> _DATA SHOWN_:
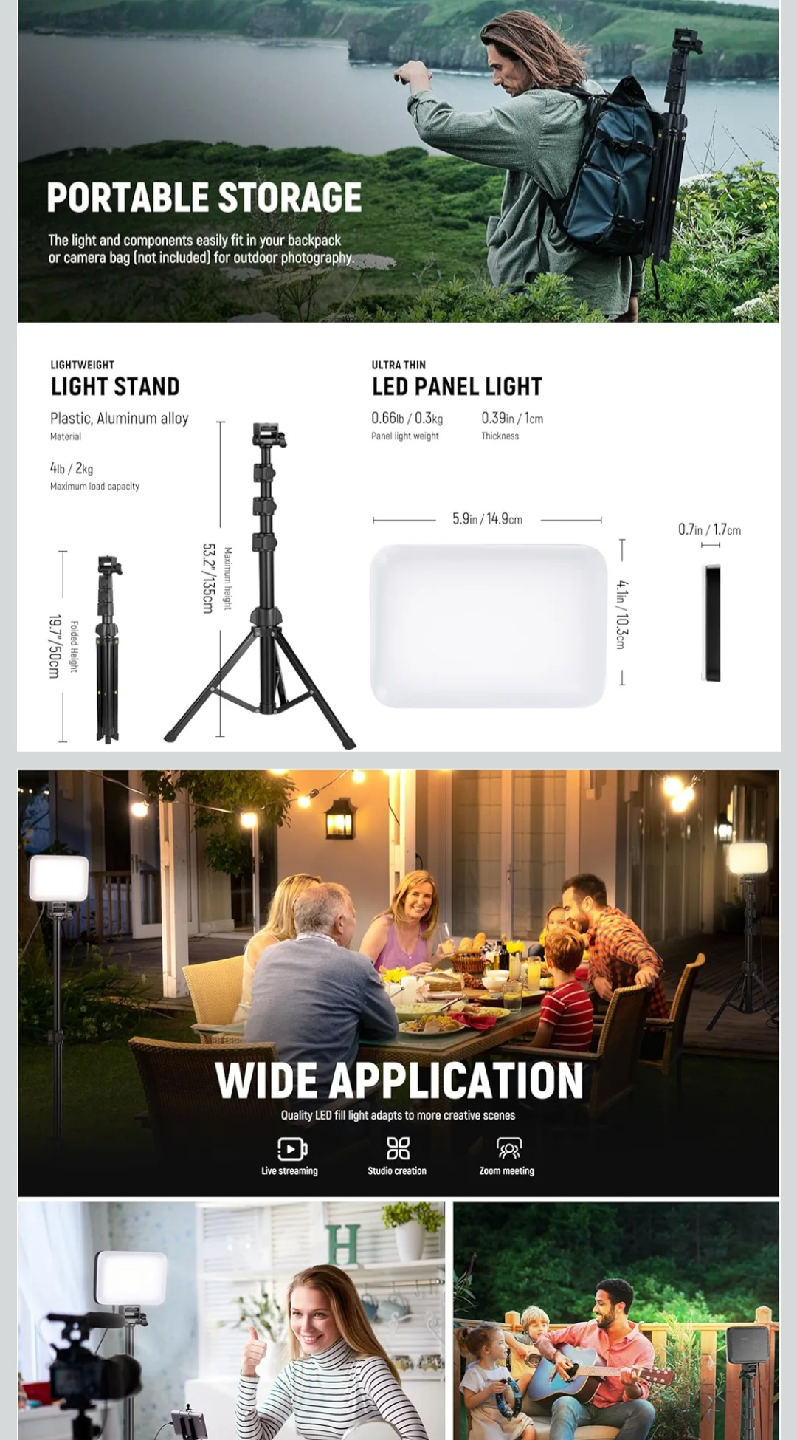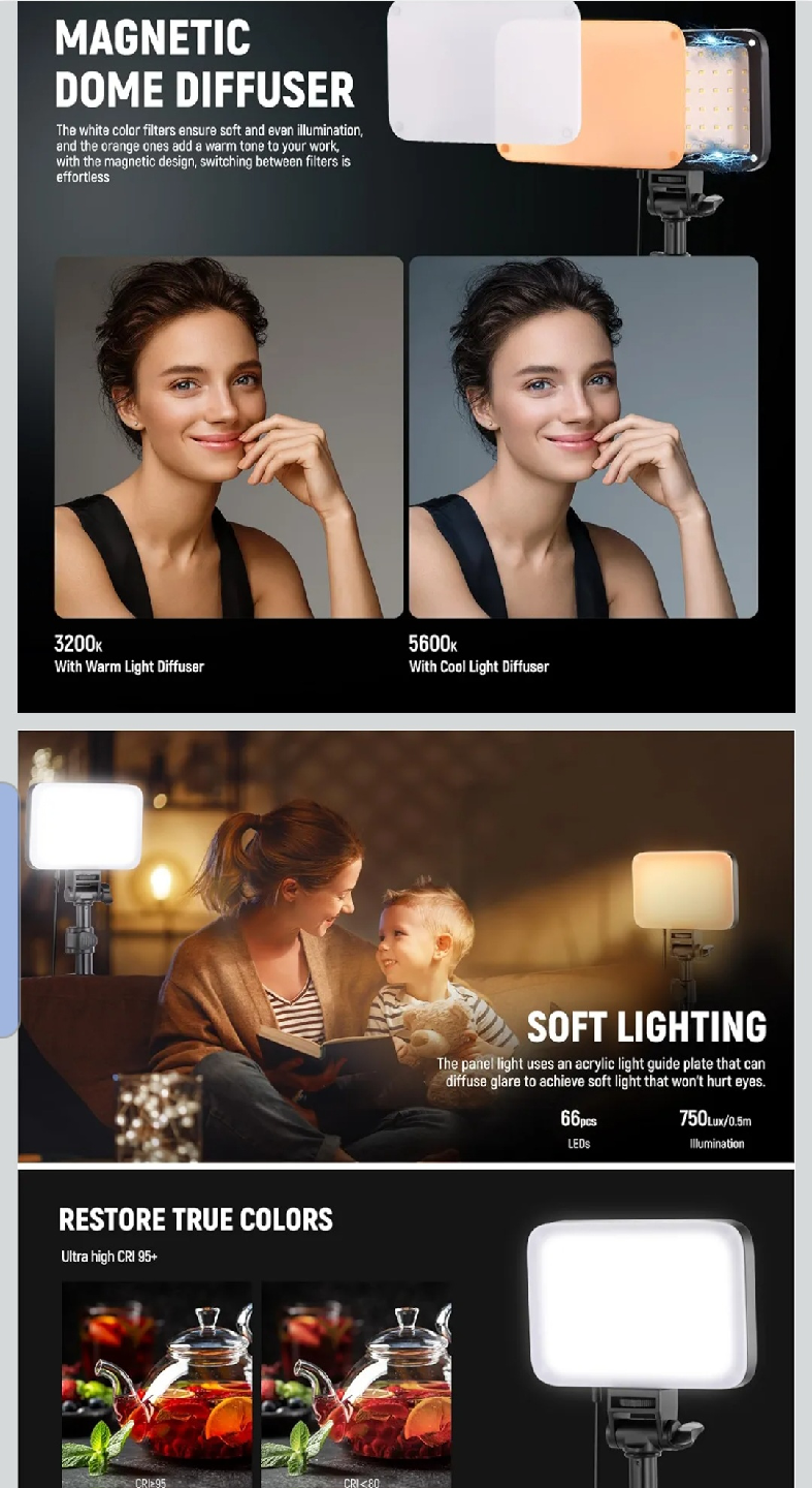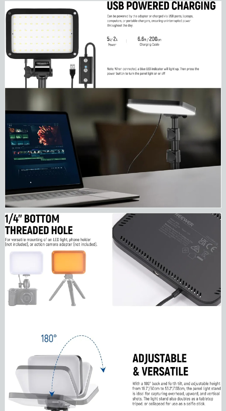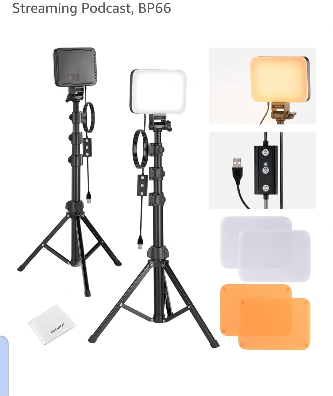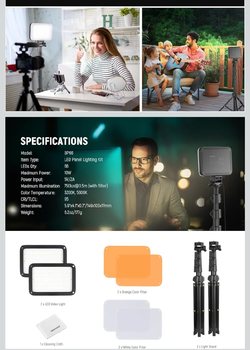 NEEWER BP66 LED panel lighting kit for streaming and podcasting. It features adjustable and versatile lighting with a 1/4" threaded bottom hole. The kit includes two LED video lights, two orange colour filters, two white colour filters, a cleaning cloth, and two light stands. It's lightweight and portable, making it easy to store in a camera bag or backpack
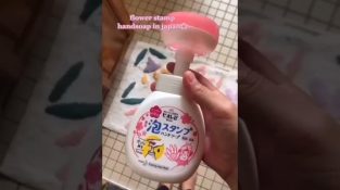 Egy aranyos krémes szappan Japánból, virág alakú szappant hagyva maga után.
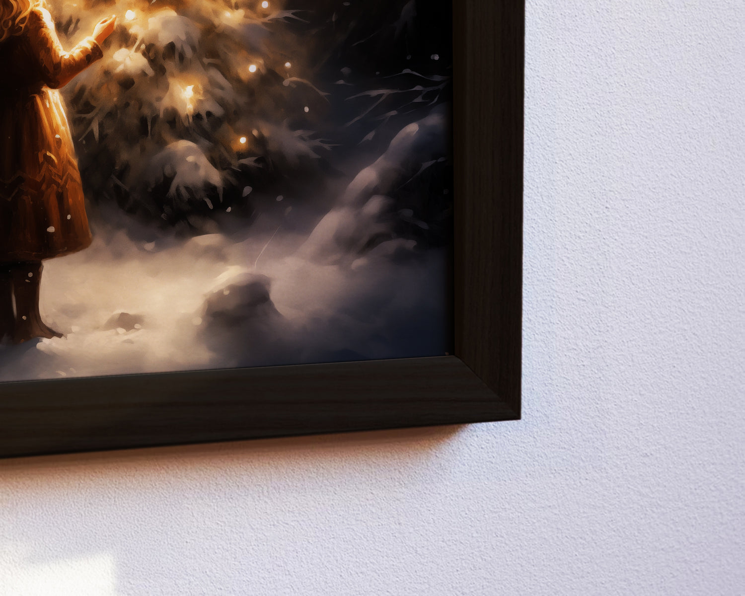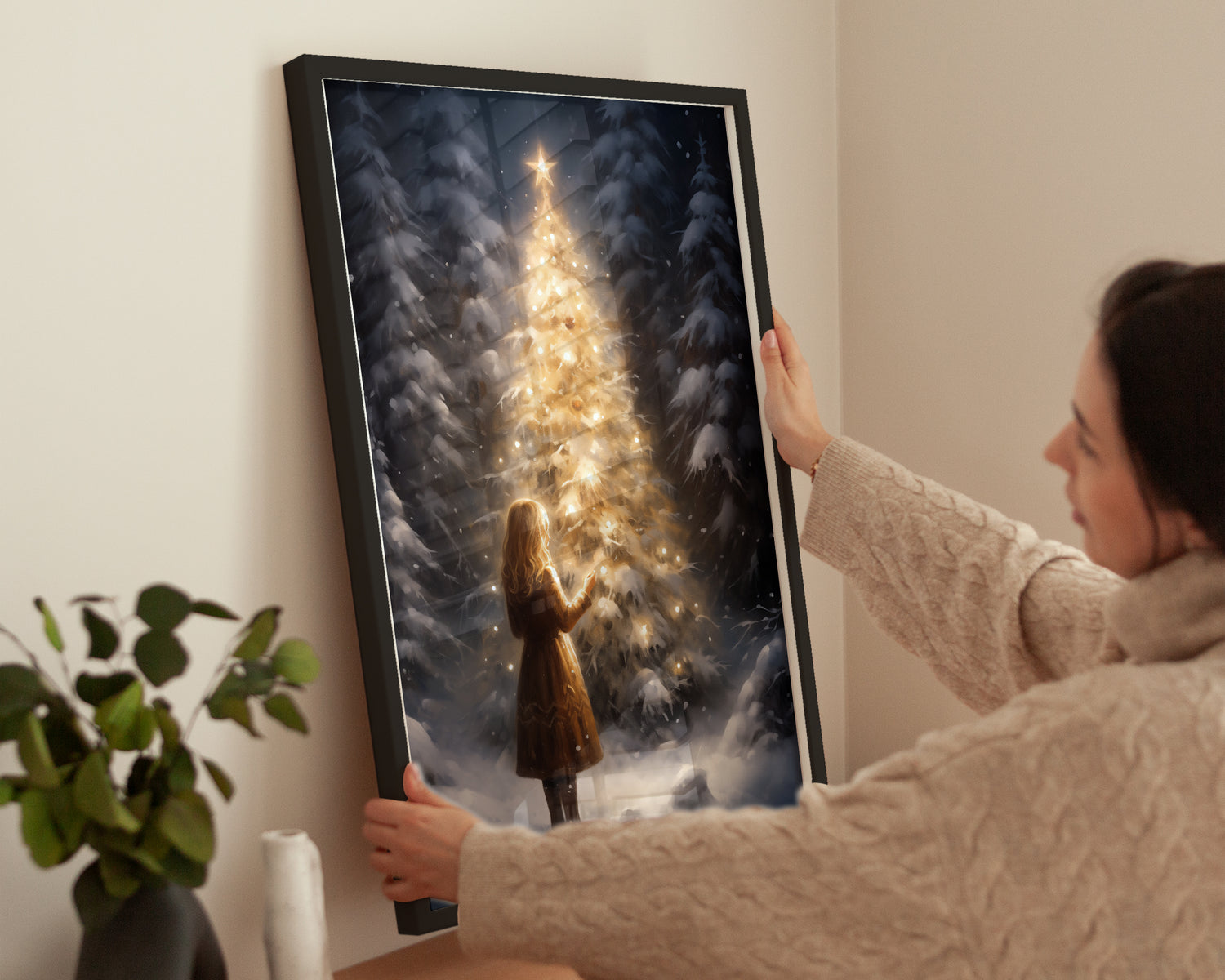 Dieses stimmungsvolle Poster zeigt einen gold leuchtenden Weihnachtsbaum inmitten eines verschneiten Waldes. Eine Frau steht davor und betrachtet das warme Licht, das Ruhe, Magie und Festlichkeit ausstrahlt. Ideal für Wohnzimmer, Schlafzimmer oder als weihnachtlicher Akzent im Flur. Gedruckt auf mattem Premium-Papier bringt es sanfte Lichtreflexe und winterliche Atmosphäre perfekt zur Geltung, schafft Gemütlichkeit und wird zum festlichen Highlight in jedem Raum.

> _WORK ORDER_: What is needed is an exact copy of every line from the one with "Egy aranyos krémes" to the end of the listing above, with the pictures left out.

> _ANSWER FOR THIS EXERCISE_:
 Egy aranyos krémes szappan Japánból, virág alakú szappant hagyva maga után.
 Dieses stimmungsvolle Poster zeigt einen gold leuchtenden Weihnachtsbaum inmitten eines verschneiten Waldes. Eine Frau steht davor und betrachtet das warme Licht, das Ruhe, Magie und Festlichkeit ausstrahlt. Ideal für Wohnzimmer, Schlafzimmer oder als weihnachtlicher Akzent im Flur. Gedruckt auf mattem Premium-Papier bringt es sanfte Lichtreflexe und winterliche Atmosphäre perfekt zur Geltung, schafft Gemütlichkeit und wird zum festlichen Highlight in jedem Raum.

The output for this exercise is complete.